##### Recorded information #####

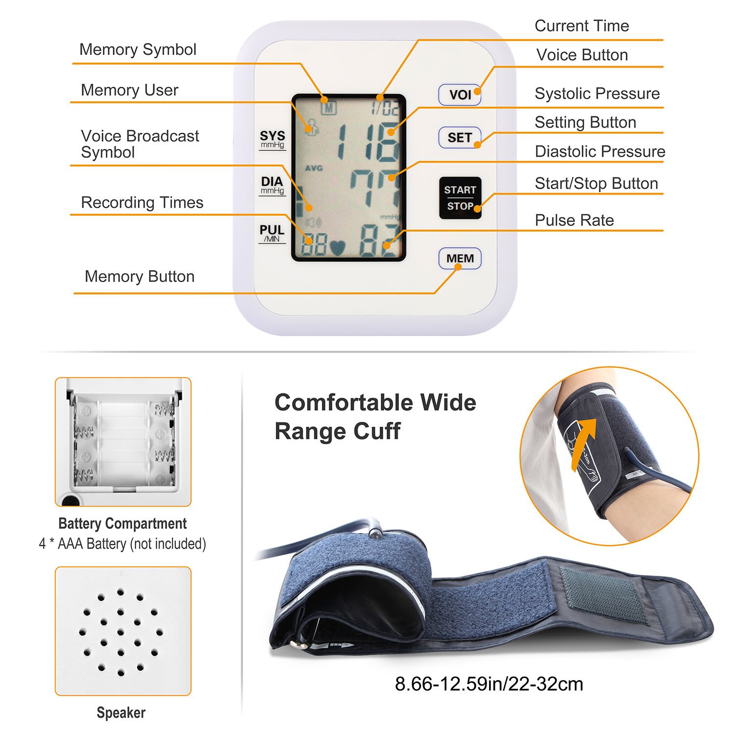 *Large LCD Display and Voice Broadcast*:All measurements will be clearly shown through its large and bright backlight LCD screen. Support voice reading and Convenience for users,especially the seniors. Displayed measurements include systolic pressure,diastolic pressure,pulse rate,date,time and user.
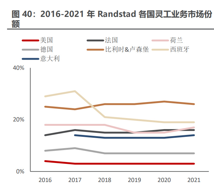 从市场份额来看,国内灵工行业集中度较低,整体呈现“散、小、多“的特征, 对比海外巨头行业存在较大整合空间。灵工行业现阶段进入门槛较低,国内企业大 多以小作坊的形式存在,因此行业规模虽大,但整体呈现出小而散的格局。从前三 大灵工企业来看,若按照易观分析行业规模为基数,我们对国内三家上市企业灵工 业务渗透率进行计算,2021 年 CR3 为 1.61%,每家企业渗透率均不足 1%,行业 格局非常分散。对比海外,Adecco 和 Randstad 在欧美国家市占率较高,2020 年,Adecco 和 Randstad 的 CR2 在法国达到 38%,并且两者在其他欧美地区市占率也达到较高水准。
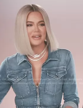 Kourtney Kardashian on Keeping Up with the Kardashians on E! was spotted wearing this denim zip jumpsuit on Keeping Up with the Kardashians on episode 'Paris, Puppies and Pranks' (19x02) in Sep 2020. Kourtney's Jumpsuit is the The Fit For Success Jumpsuit by Good American.
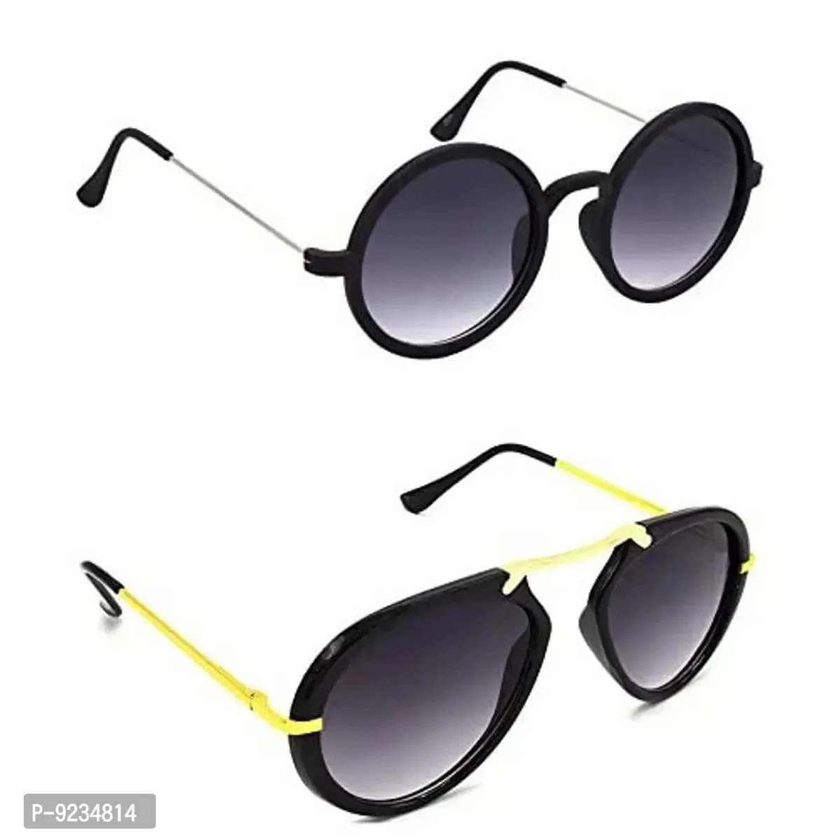 Hrinkar Unisex Round Sunglasses Silver Golden Frame, Grey Lens (Medium) - Pack of 2
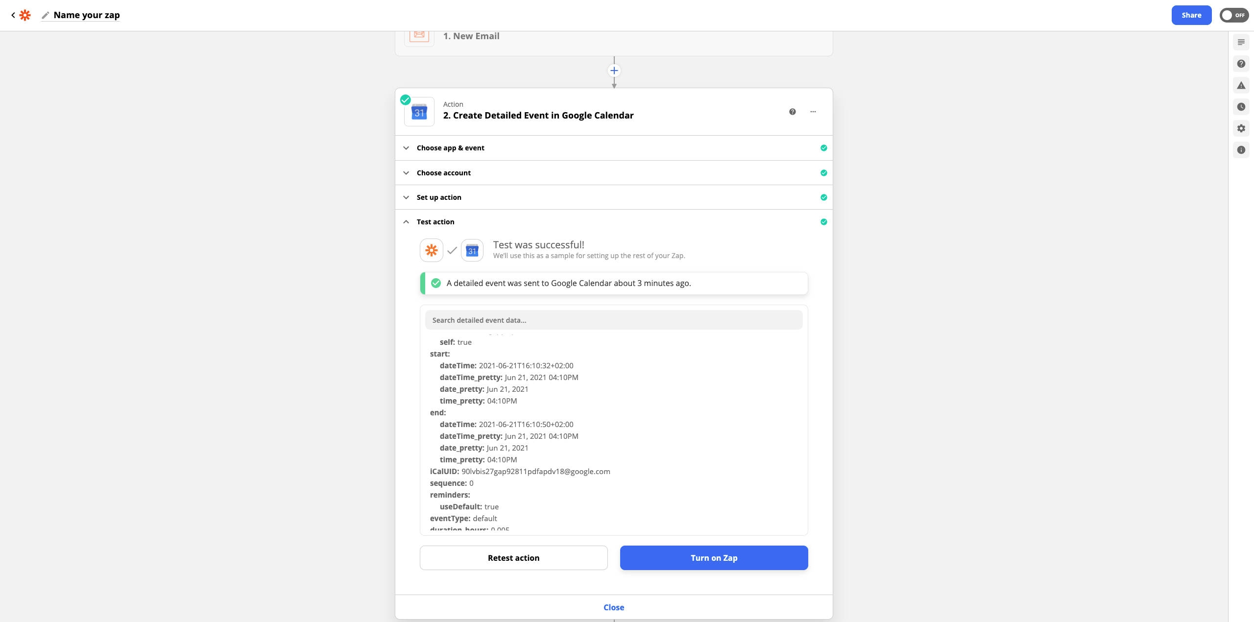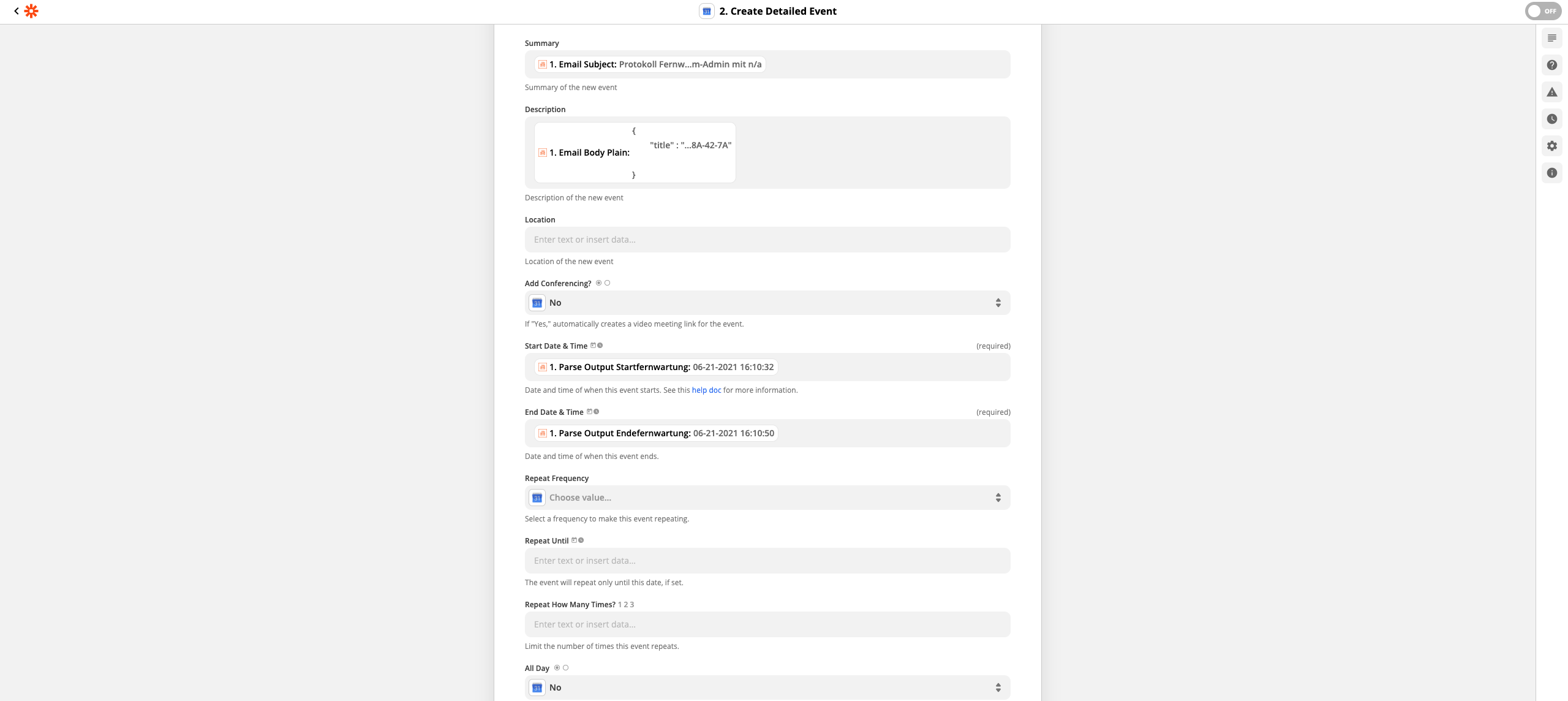 26. Sie können diesen Zap jetzt mit Turn on Zap abschließen. Die Erstellung des Zaps ist nun abgeschlossen! Alle zukünftigen Fernwartungen, nach welchen ein Protokoll verschickt wird, werden nun in diesem Format in Ihren Google Kalender eingetragen.
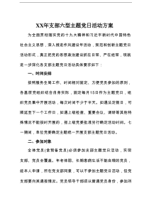 围绕学习教育、志愿服务、实践体验等主题开展多样化党日活动以增强党员意识提升组织凝聚力。以下由网友整理分享的“XX年支部六型主题党日活动方案”相关材料,便您学习参考,喜欢就分享给朋友吧!

#####

- **Task**: Write the records above out again word for word, skipping each picture.

- **Expected output**:
 *Large LCD Display and Voice Broadcast*:All measurements will be clearly shown through its large and bright backlight LCD screen. Support voice reading and Convenience for users,especially the seniors. Displayed measurements include systolic pressure,diastolic pressure,pulse rate,date,time and user.
 从市场份额来看,国内灵工行业集中度较低,整体呈现“散、小、多“的特征, 对比海外巨头行业存在较大整合空间。灵工行业现阶段进入门槛较低,国内企业大 多以小作坊的形式存在,因此行业规模虽大,但整体呈现出小而散的格局。从前三 大灵工企业来看,若按照易观分析行业规模为基数,我们对国内三家上市企业灵工 业务渗透率进行计算,2021 年 CR3 为 1.61%,每家企业渗透率均不足 1%,行业 格局非常分散。对比海外,Adecco 和 Randstad 在欧美国家市占率较高,2020 年,Adecco 和 Randstad 的 CR2 在法国达到 38%,并且两者在其他欧美地区市占率也达到较高水准。
 Kourtney Kardashian on Keeping Up with the Kardashians on E! was spotted wearing this denim zip jumpsuit on Keeping Up with the Kardashians on episode 'Paris, Puppies and Pranks' (19x02) in Sep 2020. Kourtney's Jumpsuit is the The Fit For Success Jumpsuit by Good American.
 Hrinkar Unisex Round Sunglasses Silver Golden Frame, Grey Lens (Medium) - Pack of 2
 26. Sie können diesen Zap jetzt mit Turn on Zap abschließen. Die Erstellung des Zaps ist nun abgeschlossen! Alle zukünftigen Fernwartungen, nach welchen ein Protokoll verschickt wird, werden nun in diesem Format in Ihren Google Kalender eingetragen.
 围绕学习教育、志愿服务、实践体验等主题开展多样化党日活动以增强党员意识提升组织凝聚力。以下由网友整理分享的“XX年支部六型主题党日活动方案”相关材料,便您学习参考,喜欢就分享给朋友吧!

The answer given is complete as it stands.